Sen. David Haley, D-Kansas City, commented on the strengths and merits of the bill, but contemplated the purpose of creating yet another layer of bureaucracy and regulation.
“None of us disagree with appropriate regulation of navigators,” said Sheldon Weisgrau, director of the Health Reform Resource Project. “The issue is what public policy goals are served by this regulation.”
Opponents from public health organizations participating in a consortium backing the state’s more than 160 Obamacare navigators contend the bill brings the specter of legal challenge, citing similar legislation that was struck down last month in Missouri.

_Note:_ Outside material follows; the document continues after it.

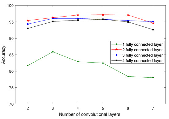 After the parameters of the network were determined, the network structure was adjusted to further optimize the performance of the network by changing the number of layers in the convolutional layer and the full connection layer. The experimental results are shown in Figure 10.

However, deputy attorney general Jeff Chanay said at the time the ruling was made the U.S. District Court judge in question lacked a key piece of information, namely a statement of consent from U.S. Health and Human Services Secretary Kathleen Sebelius.
“I understand that many states have enacted laws related to Navigators … states are free to enact such provisions so long as they do not prevent the application of the provisions of Title I of the Affordable Care Act,” Sebelius wrote in a Jan. 6 letter responding to 13 state attorney generals, including Kansas’ Derek Schmidt.
In its current form, SB 362 would heap responsibility for enforcing Navigator regulations onto the state attorney general’s office, at an annual cost of around $40,000. However, in submitted written testimony, the Kansas Insurance Department stated it could accomplish the task more efficiently.
“The Department is capable of implementing a Navigator registration program almost immediately with existing resources and no fiscal impact,” the testimony stated.
The insurance department also voiced concern that navigator restrictions weren’t on par with licensing requirements for their private sector counterparts. Comparatively, private insurance agents are not subjected to fingerprinting — though the department says it has previously requested to do so — face significantly lower fees and aren’t required to submit credit rating and bankruptcy information.
They also, however, aren’t backed by more than $800,000 in federal funds used to kick-start the state’s navigator program.
Following Tuesday’s hearing, SB 362 was reassigned from the Public Health and Welfare Committee to the Senate’s Ways and Means Committee, one of a handful in the Senate that can still review bills in the house of origin after the turnaround deadline Friday.